The paper investigates the differences between Stochastic Gradient Descent (SGD) and Gradient Descent (GD) in the context of a two-layer linear network with square loss. It reveals a dichotomy: GD maintains the rank of the parameter matrix from initialization, whereas SGD, especially in the presence of label noise, reduces the rank over time. This phenomenon is analyzed by examining the evolution of the determinant of the parameter matrix, and the stochastic differential equation (SDE) governing the eigenvalues is derived. The SDE indicates a repulsive force between eigenvalues, leading to rank deficiency. The findings are supported by experiments extending beyond linear networks and regression tasks.

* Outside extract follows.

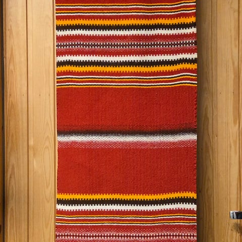 Kaarina Nikan suunnittelema Revontulet ryijy/raanu. Pituus ilaman telinettä 141cm leveys 44cm. Teline tulee mukaan ja sen saa irroitettua.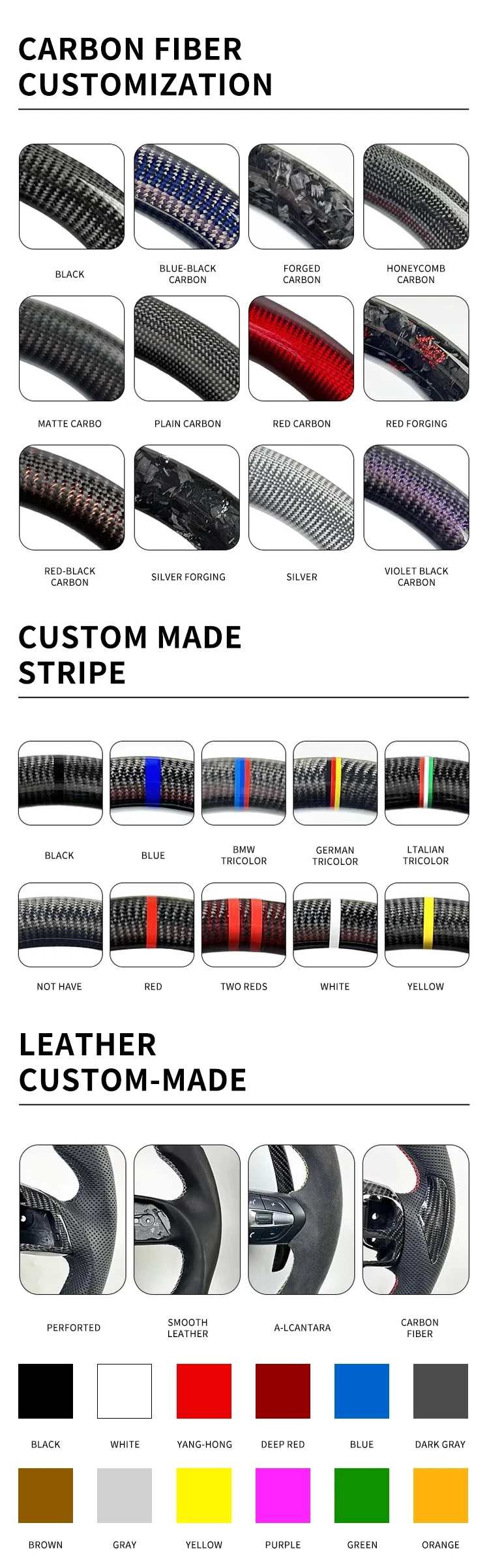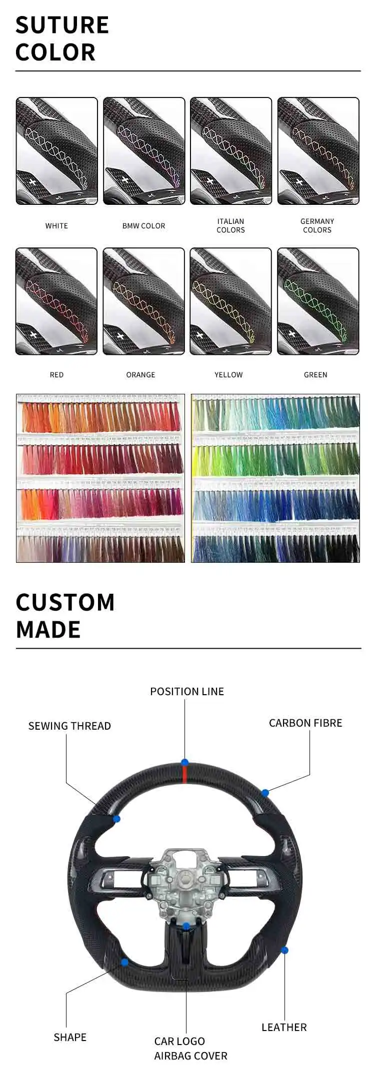 2. Product materials: real carbon fiber, leather, Suede, Alcantara, Forging...

The referees highlighted that the analysis was comprehensive: the derivation of the SDE governing eigenvalues adds depth to the understanding of rank deficiency, providing a strong mathematical foundation for the observed phenomena. I recommend to accept it to NeurIPS 2025.

Nevertheless, I believe the authors should take into account the issues raised by the referees for the camera-ready version, but it seems the authors acknowledged them during the rebuttal.